使用glob/merge删除NaN行,特定excel文件中的某些列 [英] Dropping NaN rows, certain columns in specific excel files using glob/merge
问题描述
我想在Excel文件的for循环加载中将最终文件中的NaN行删除,并删除所有公司,电子邮件,除了最终加载到excel文件之外的所有文件,创建重复的列.
I would like to drop NaN rows in the final file in a for loop loading in excel files, and dropping all company, emails, created duplicated columns from all but the final loaded in excel file.
这是我的for循环(以及随后合并为一个DF),目前:
Here is my for loop (and subsequent merging into a single DF), currently:
for f in glob.glob("./gowall-users-export-*.xlsx"):
df = pd.read_excel(f)
all_users_sheets_hosts.append(df)
j = re.search('(\d+)', f)
df.columns = df.columns.str.replace('.*Hosted Meetings.*', 'Hosted Meetings' + ' ' + j.group(1))

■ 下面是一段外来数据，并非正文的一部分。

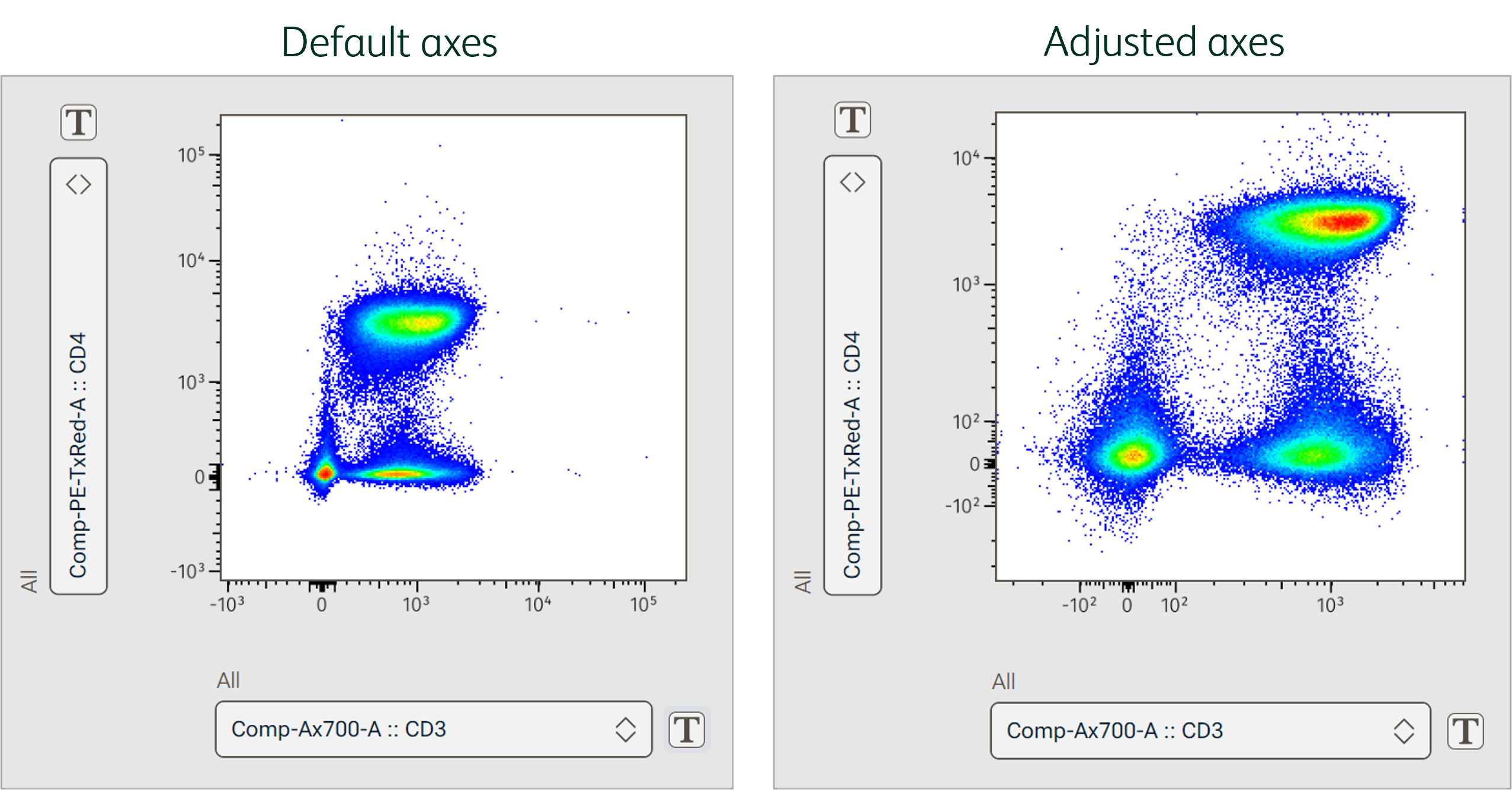 In the example below, default Biex scaling of the CD3 and CD4 parameters made the populations appear compressed (Figure 3). Decreasing the maximum value on the axis by 1 log for both parameters, and adjusting the positive and negative decade space expanded the space occupied by the high value data, making populations appear much more distinct in the resultant plot.

all_users_sheets_hosts = reduce(lambda left,right: pd.merge(left,right,on=['First Name', 'Last Name'], how='outer'), all_users_sheets_hosts)
以下是生成的DF的前几行:
Here are the first few rows of the resulting DF:
Company_x First Name Last Name Emails_x Created_x Hosted Meetings 03112016 Facilitated Meetings_x Attended Meetings_x Company_y Emails_y ... Created_x Hosted Meetings 04122016 Facilitated Meetings_x Attended Meetings_x Company_y Emails_y Created_y Hosted Meetings 04212016 Facilitated Meetings_y Attended Meetings_y
0 TS X Y X@Y.com 03/10/2016 0.0 0.0 0.0 TS X@Y.com ... 03/10/2016 0.0 0.0 2.0 NaN NaN NaN NaN NaN NaN
1 TS X Y X@Y.com 03/10/2016 0.0 0.0 0.0 TS X@Y.com ... 01/25/2016 0.0 0.0 0.0 NaN NaN NaN NaN NaN NaN
2 TS X Y X@Y.com 03/10/2016 0.0 0.0 0.0 TS X@Y.com ... 04/06/2015 9.0 10.0 17.0 NaN NaN NaN NaN NaN NaN
推荐答案
要防止出现多个Company
,Emails
,Created
,Facilitated Meetings
和Attended Meetings
列,请将其从right
DataFrame中删除.要删除具有所有NaN
值的行,请使用result.dropna(how='all', axis=0)
:
To prevent multiple Company
, Emails
, Created
, Facilitated Meetings
and Attended Meetings
columns, drop them from the right
DataFrame. To remove rows with all NaN
values, use result.dropna(how='all', axis=0)
:
import pandas as pd
import functools
for f in glob.glob("./gowall-users-export-*.xlsx"):
df = pd.read_excel(f)
all_users_sheets_hosts.append(df)
j = re.search('(\d+)', f)
df.columns = df.columns.str.replace('.*Hosted Meetings.*',
'Hosted Meetings' + ' ' + j.group(1))
# Drop rows of all NaNs from the final DataFrame in `all_users_sheets_hosts`
all_users_sheets_hosts[-1] = all_users_sheets_hosts[-1].dropna(how='all', axis=0)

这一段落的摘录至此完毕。